2. Description of the Related Art
Total spectral radiant flux (unit: W/nm) of a light source is the sum of radiant flux (unit: W) per unit wavelength emitted in all direction. The total spectral radiant flux provides the information on total optical power at each wavelength of a light source. Accordingly, most of the optical properties of light sources such as luminous efficacy (unit: lm/W), total luminous flux (unit: lm), chromaticity, color rendering index, and a correlated color temperature (unit: K) can be obtained from the total spectral radiant flux. Accordingly, the total spectral radiant flux is important in performance evaluation of lighting apparatuses. In particular, it is more important to measure the total spectral radiant flux with respect to ultraviolet and infrared light sources.
In general, methods for measuring the total spectral radiant flux may be classified into a method for measuring and summing spectral irradiances (unit: W/m2/nm) or spectral radiant intensities (unit: W/sr/nm) at respective positions around a measurement target light source and a method for comparing a total spectral radiant flux standard lamp of a known total spectral radiant flux value with a measurement target lamp using an integrating sphere.

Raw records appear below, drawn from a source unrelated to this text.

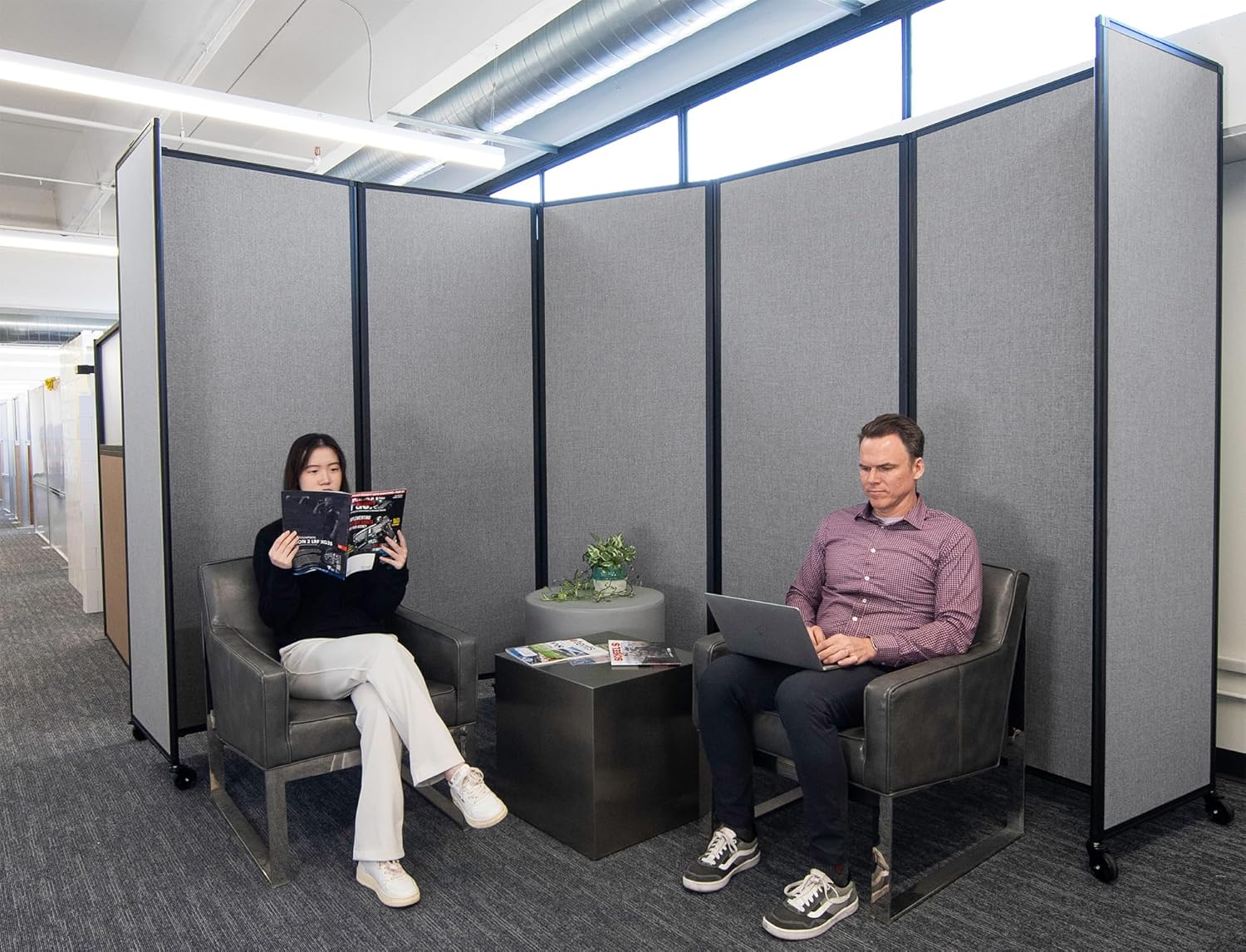 • VERSATILE CONFIGURATION: Move these panels to create a variety of arrangements, from “L” to “C” shapes, or even a perfectly straight line. This highly mobile divider is great for creating impromptu office workstations and warehouse or classroom areas.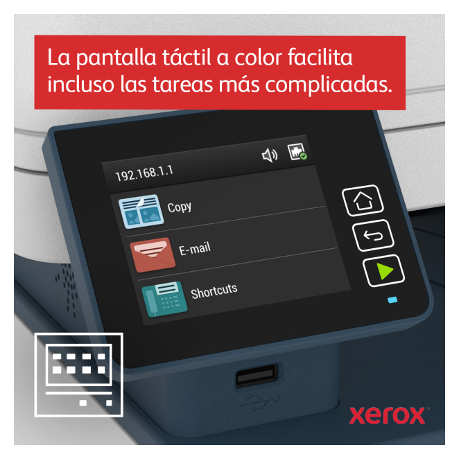 La Xerox B235 A4 ofrece una excelente usabilidad gracias a su pantalla táctil a color LCD de 2.4 pulgadas y su interfaz intuitiva. Permite una configuración rápida y sencilla, y su conectividad Wi-Fi facilita la impresión desde dispositivos móviles. Los usuarios destacarán la alta calidad de impresión y la velocidad, así como la capacidad de realizar tareas múltiples sin problemas. Su robusto diseño asegura durabilidad, siendo una elección óptima para aquellos que buscan eficiencia y calidad en un solo dispositivo.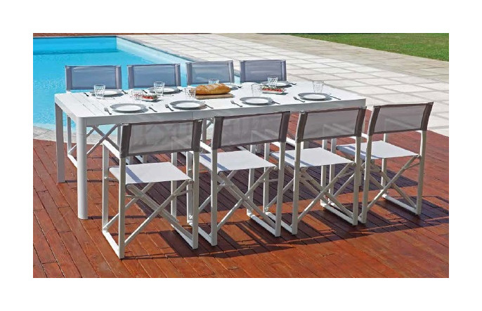 Il tavolo con piano in tecnopolimero a effetto doghe e gambe in alluminio verniciato, si estende in lunghezza per una convivialità da vivere all?aria aperta.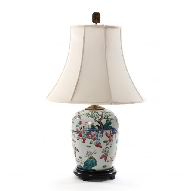 Late 20th century, hand-painted porcelain decorated with children in a courtyard, wood base, with tapered shade.

The former method is a method using a gonio-spectroradiometer. Spectral radiant intensity or spectral irradiance must be measured and summed while a spectroradiometer of which the spectral radiant intensity or the spectral irradiance scale is calibrated rotates around a light source. In this case, a mechanical apparatus is required to rotate the spectroradiometer around the light source. Since it takes considerable time for the mechanical apparatus to rotate the spectroradiometer, measurement speed (measurement time) is very low (at least a few hours). However incidentally, an angular distribution of luminous intensity of the light source may be measured and accurate measurement for light sources having non-isotropic angular distribution of luminous intensity may be performed. In addition, it is possible to avoid an influence of fluorescence that often occurs when an ultraviolet light source is measured using an integrating sphere. Therefore, it is very efficient for an ultraviolet light source. In general, a gonio-spectroradiometer is used as a primary standard for measuring a total spectral radiant flux.
The latter method is a method using an integrating sphere spectroradiometer. Unlike the gonio-spectroradiometer, the integrating sphere spectroradiometer requires a standard lamp whose total spectral radiant flux is known. Since the measurement is basically a comparison measurement, measurement speed (measurement time) is very high (less than an few minutes). However, an additional uncertainty component related to angular distribution of luminous intensity gives an effect. Accordingly, when angular distribution of luminous intensity of a light source is significantly different from a point-like, isotropic light source, accuracy of an integrating sphere spectroradiometer is lower than that of a gonio-spectroradiometer. In addition, fluorescence on inner surface of the integrating sphere makes it very difficult to apply the latter method to an ultraviolet light source of 400 nm or less. Moreover, since a total spectral radiant flux standard lamp required to calibrate integrating sphere spectroradiometer can be calibrated only by the gonio-spectroradiometer, the integrating sphere spectroradiometer is used as a secondary standard.